Edward Hopper - House by the Railroad

Edward Hopper, the best-known American realist of the inter-war period, once said: 'The man's the work. Something doesn't come out of nothing.' This offers a clue to interpreting the work of an artist who was not only intensely private, but who made solitude and introspection important themes in his painting. view full article

From "Techniques of the Great Masters of Art":
"Hopper frequently used a straight. horizontal motif, usually a road or railroad track. to construct the space within the picture and to emphasize the division between the picture space and the viewer's world. Indeed, the more the viewer tries to penetrate the depths of a Hopper painting, the more impenetrable it becomes. What holds the viewer is that the artist's vision seems under control and yet, on closer inspection, the viewer realizes that the visible surface is a tissue of improbabilities and unreadable shifts in space. Hopper's view that nature and the contemporary world were incoherent contributed to his artistic vision.”

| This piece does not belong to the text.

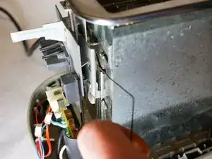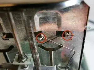 Нажмите на рукоятку тостера, чтобы получить доступ к пружине захвата, расположенной за большой металлической пластиной.
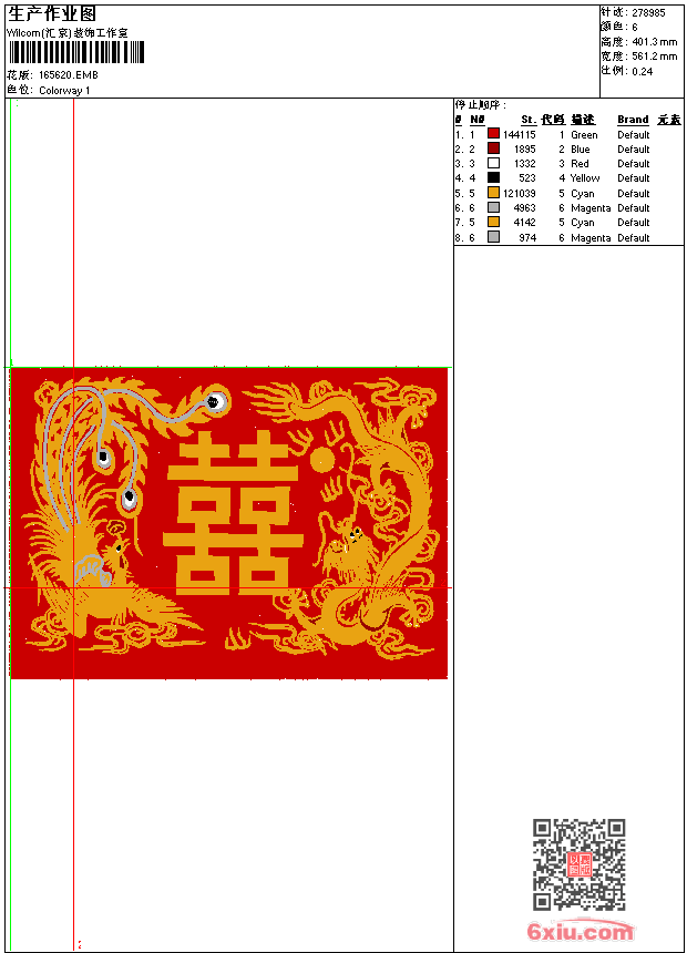 龙凤喜缘乱针绣_乱针绣针法花版_EMB版带 点此上传花版兑乐绣币/现金 emb花版参数: 大小:1.19 MB / 尺寸:561*401[毫米] / 针数:278985针 / 线色:6 / 格式:emb / 版本:9 版带文件需绣花软件方可打开,可配色打印导出各种格式或直接上机绣。如无绣花软件可下载1:1模拟效果图。 PNG图片信息:大小:7.8 (MB) /图宽*高:2123x1518(像素) 上传作者( zhan*** ) 获得乐绣币:10个 emb下载 1:1图下载 关闭 相似花型推荐: 幽香清远_电脑十字绣图案 一鸣惊人_电脑机绣仿手绣挂画 鹰与奋斗_工艺版带,刺绣工艺装饰品 月夜鲤_工艺图案版 月兔_工艺精品版 越女采莲_精品工艺刺绣挂画 枕套版带_玫瑰花_床上用品刺绣图案_EMB原版 龙凤吉祥_汽车坐套刺绣图案_EMB版带 五厘亮片3色公仔 蝴蝶平绣加3厘珠片 米老鼠头_图案_EMB版带 风景刺绣工艺版-夏 工艺版之风景篇-春 风景工艺版-秋 富贵花开_刺绣工艺精品花版 上一个花样:Together_字母标志刺绣图案 下一个花样:幽香清远_电脑十字绣图案

“The single focus of the painting is a large gray house in an imported French style. Although Hopper customarily worked from life, he invented this house based on some he came across in New England and others he may have seen on Paris boulevards. This architectural style became fashionable in America during the mid-nineteenth century. Its hallmark is a double-pitched roof pierced with dormer windows that give height and light to the attic level.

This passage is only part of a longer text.